Several key technical points are highlighted in the work:
- Self-Supervised Loss and Damping:
To mitigate high variance contributions from patch pairs belonging to different objects, a dampening function is applied. They use a sigmoid-based distance measure
ϕ(δ)=(1+exp(−τ∥δ∥22))−1,
with the temperature parameter τ controlling the damping. This formulation stabilizes training by reducing the impact of large disparities.
- Network Architecture and Field of View (FoV):
The embedding function is implemented as a U-Net–style CNN. For self-supervised learning, the network is configured with a small FoV (16×16 pixels) to ensure that patches do not encapsulate an entire object while still containing sufficient discriminative information. For supervised refinement experiments, a deeper U-Net is used to expand the FoV.
- Instance Segmentation Pipeline:
- Foreground-Background Separation:
- Noise augmentation (via salt and pepper noise) is applied repeatedly to generate multiple noisy instantiations of the raw image. The per-pixel variance over the predicted embeddings is computed, and a bimodal variance distribution allows the use of a threshold (e.g., Otsu’s method) to effectively separate the foreground (cell regions) from the background.
- Clustering:
- Mean-shift clustering, as implemented in scikit-learn, is subsequently applied to the foreground regions’ embeddings to group patches into individual cell instances.
- Empirical Evaluations:
- F1 Score: Measures the harmonic mean between precision and recall based on an intersection-over-union (IoU) threshold (typically 0.5).
- SEG Score: Computes the average IoU for matched ground truth and predicted objects.
- Notable numerical results from the unsupervised setting include:
- On the Simulated dataset, the method achieved an F1 score of 0.83 and SEG of 0.65.
- On the aggregated TissueNet data, performance reached F1 0.64 and SEG 0.52.
- In six out of nine datasets, the proposed approach outperforms baselines such as the pre-trained models from Schmidt et al. and Cellpose when measured by the SEG score, while performing comparably on the remaining datasets.
- Supported Supervised Learning:
Beyond unsupervised segmentation, the paper investigates how the unsupervised predictions can serve as pseudo labels to support supervised training. A hybrid training regimen is presented, where a small fraction (as low as 1%) of manual annotations are combined with pseudo ground truth estimates. This supported supervision achieves an F1 score of 0.75 ± 0.03 on TissueNet, which is significantly better than the purely unsupervised score of 0.64. Results indicate that the annotation burden can be reduced by an order of magnitude without compromising segmentation accuracy.
- Sensitivity to Scale and Limitations:
The authors examine the effect of patch scale on segmentation performance. The selected patch size must be carefully adjusted—it needs to be small enough to exclude whole objects yet large enough to capture reliable spatial features. In practice, the method demonstrates robustness across a range of scale factors for different datasets (e.g., for Immune and Lung tissue types) while also highlighting typical failure modes, such as under-segmentation for outliers (cells with substantially different morphology) and difficulties when cells exhibit non-random spatial arrangements.

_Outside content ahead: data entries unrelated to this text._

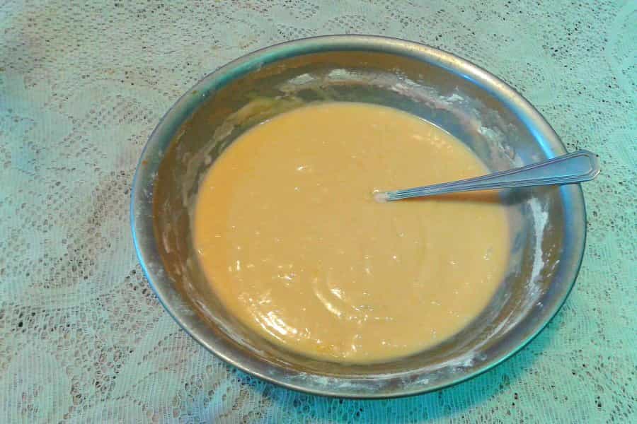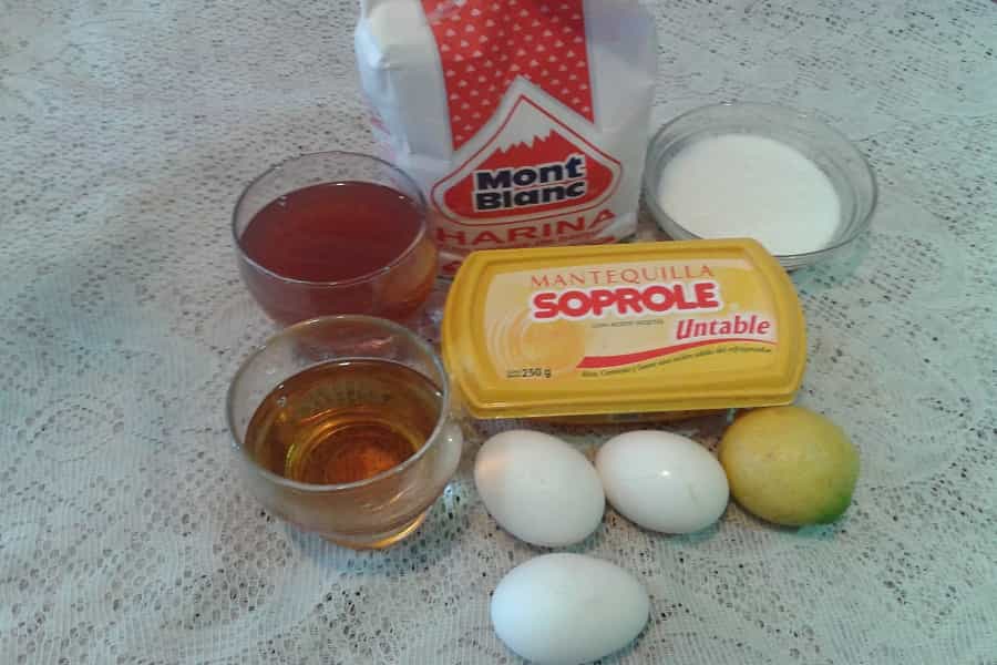 1. Lo primero es hacer el bizcocho, que es bien similar a un queque. En un recipiente agrega los tres huevos; bate con fuerza hasta que queden totalmente juntos. Incorpora una taza de azúcar y vuelve a batir. Luego, ralla el limón, añadiendo las cáscaras a la mezcla. Una vez listo este paso, debes verter las dos tazas de harina con los polvos de hornear. Quedará un poco seco, así es que la mejor solución es incorporarle jugo a la mezcla.
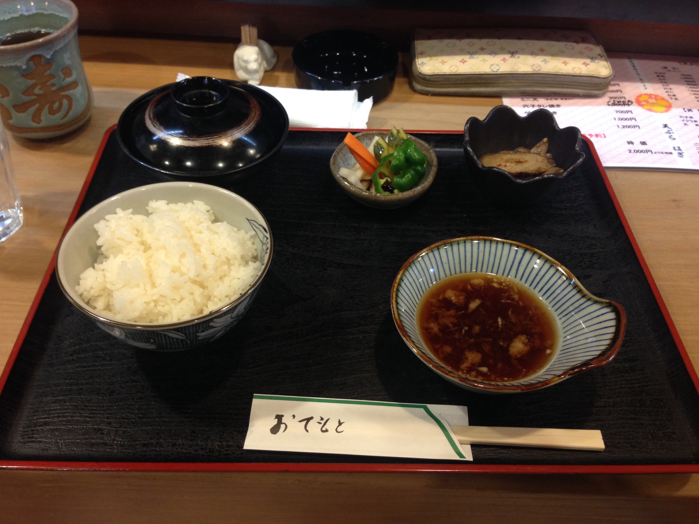 天ぷら定食を頼み現れたのがご飯、つゆ、漬物、ごぼう、味噌汁でした。
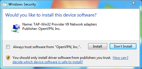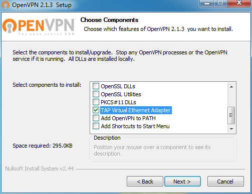 Клиентской частью, как и в прошлый раз, будет выступать 32-битная Windows 7. Начать надо с установки виртуального TAP-адаптера из пакета OpenVPN. Можно скачать только драйвер (запустить addtap.bat) или подобрать релиз посвежее отсюда и при установке выбрать только TAP Virtual Ethernet Adapter.
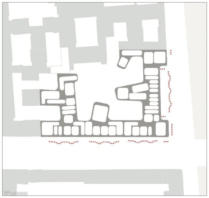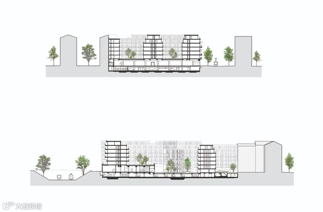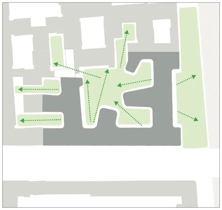 这一流动的重新诠释了典型的威廉敏时期的柏林庭院,其特点是相邻庭院的景观,从而产生了半公共亲密感,新区域的居民可以找到彼此的方式,并像邻居一样生活。
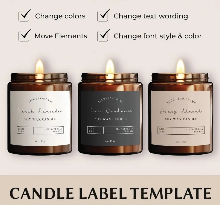 Aluminium:Offre une excellente durabilité et un aspect métallique élégant. Il est étanche et résistant à la chaleur, ce qui le rend adapté aux bougies dans des environnements à haute température. La surface réfléchissante du matériau améliore la visibilité de la marque mais peut être plus lourde que d’autres options.
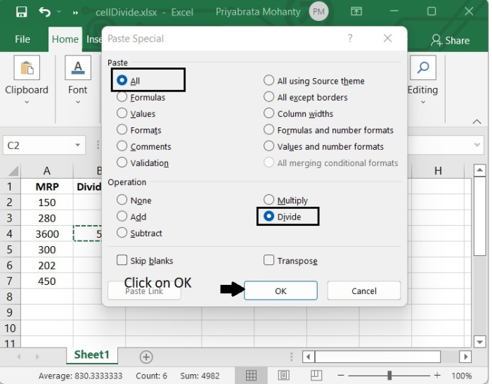 单击粘贴选项时,将打开一个弹出式粘贴选项菜单,然后选择“全部”,再单击“划分”选项,然后单击“确定”。请参阅下面给出的图像。
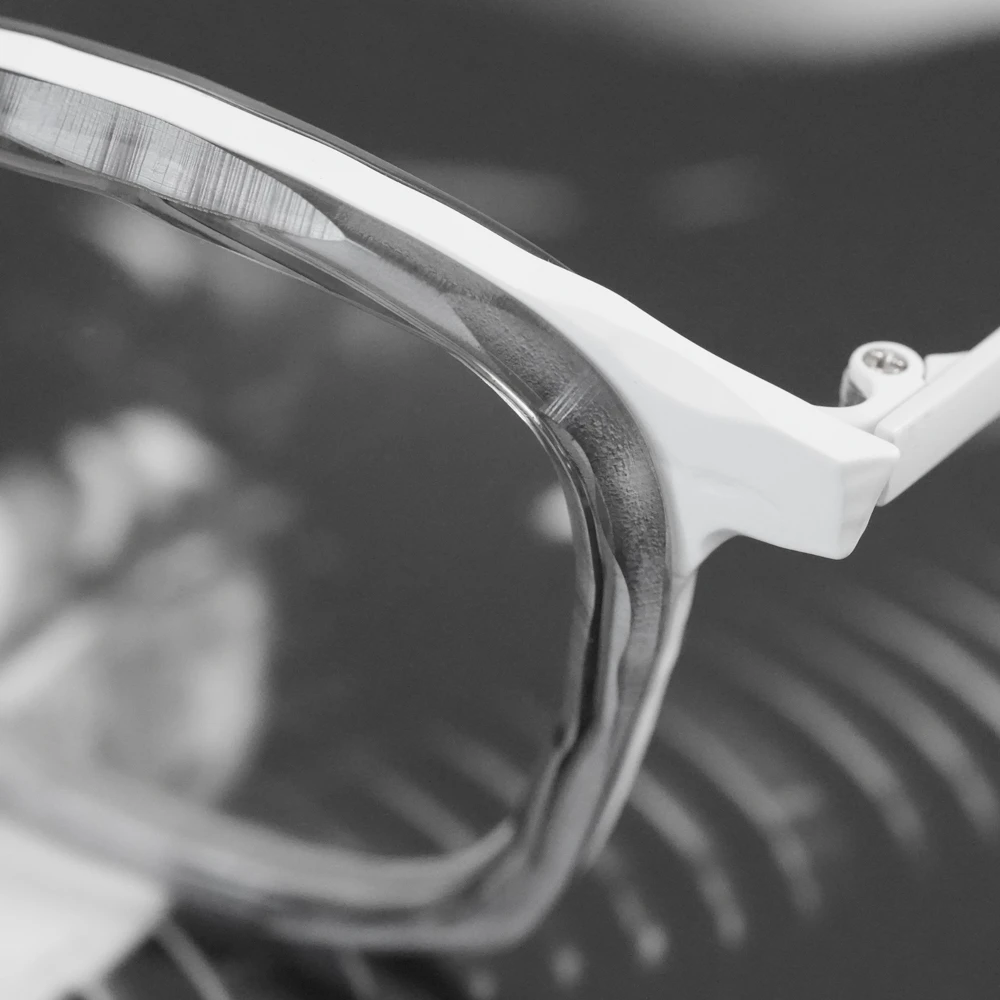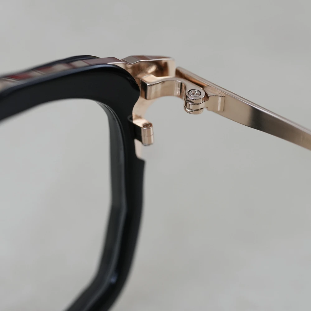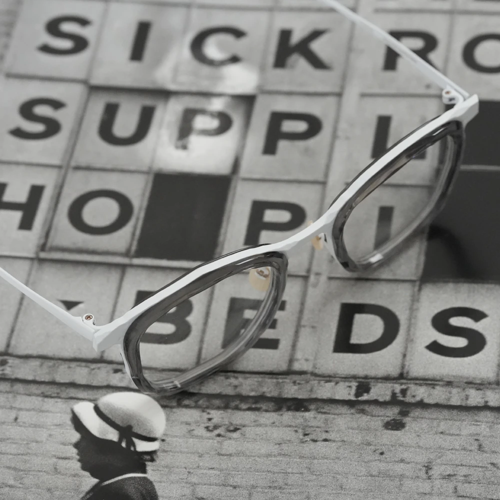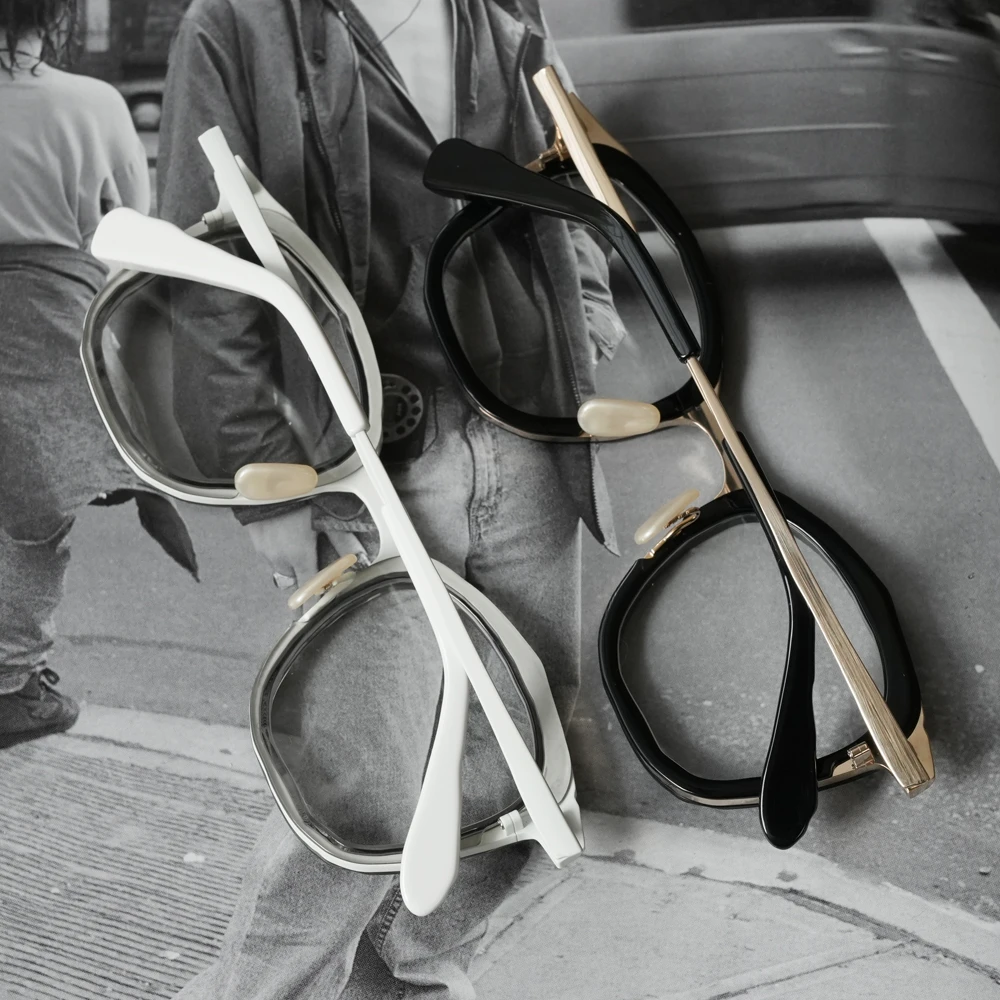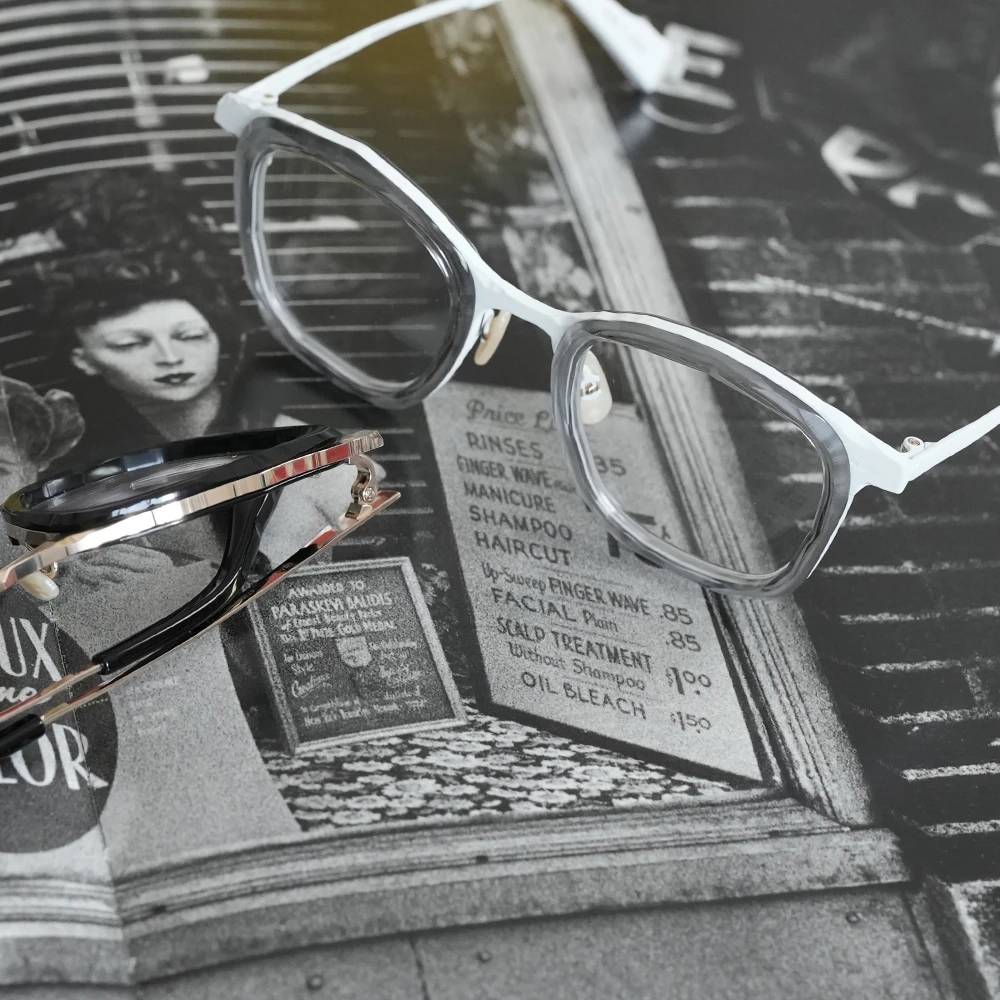 「MM-0105」のアセテートリム付きバージョンは荒々しい素材感がより際立ちます。左右非対称の縦幅の大きいスクエアシェイプ、チタン素材で軽量、掛け心地の良さも魅力的です。コンセプト「Sculpt」、制作過程の中にある美しさを表現したメガネフレームは多くありますが、メタル素材での表現が非常に斬新。ノミと木槌で粗く削ぎ落とした跡、重ねられた土塊の隙間にできる空間、制作のために組まれた骨組みなど彫刻が創られる風景の中にある様々な要素から練り上げられたクールなコレクション。

In summary, the paper introduces a theoretically motivated, self-supervised approach for learning spatially informative object-centric embeddings. By aligning embedding differences with spatial offsets and utilizing a robust post-processing pipeline (including noise-based variance thresholding and mean-shift clustering), the method yields competitive cell instance segmentation results across multiple imaging modalities. Moreover, the framework is shown to be effective in both fully unsupervised settings and as a means to support downstream supervised training with minimal annotations.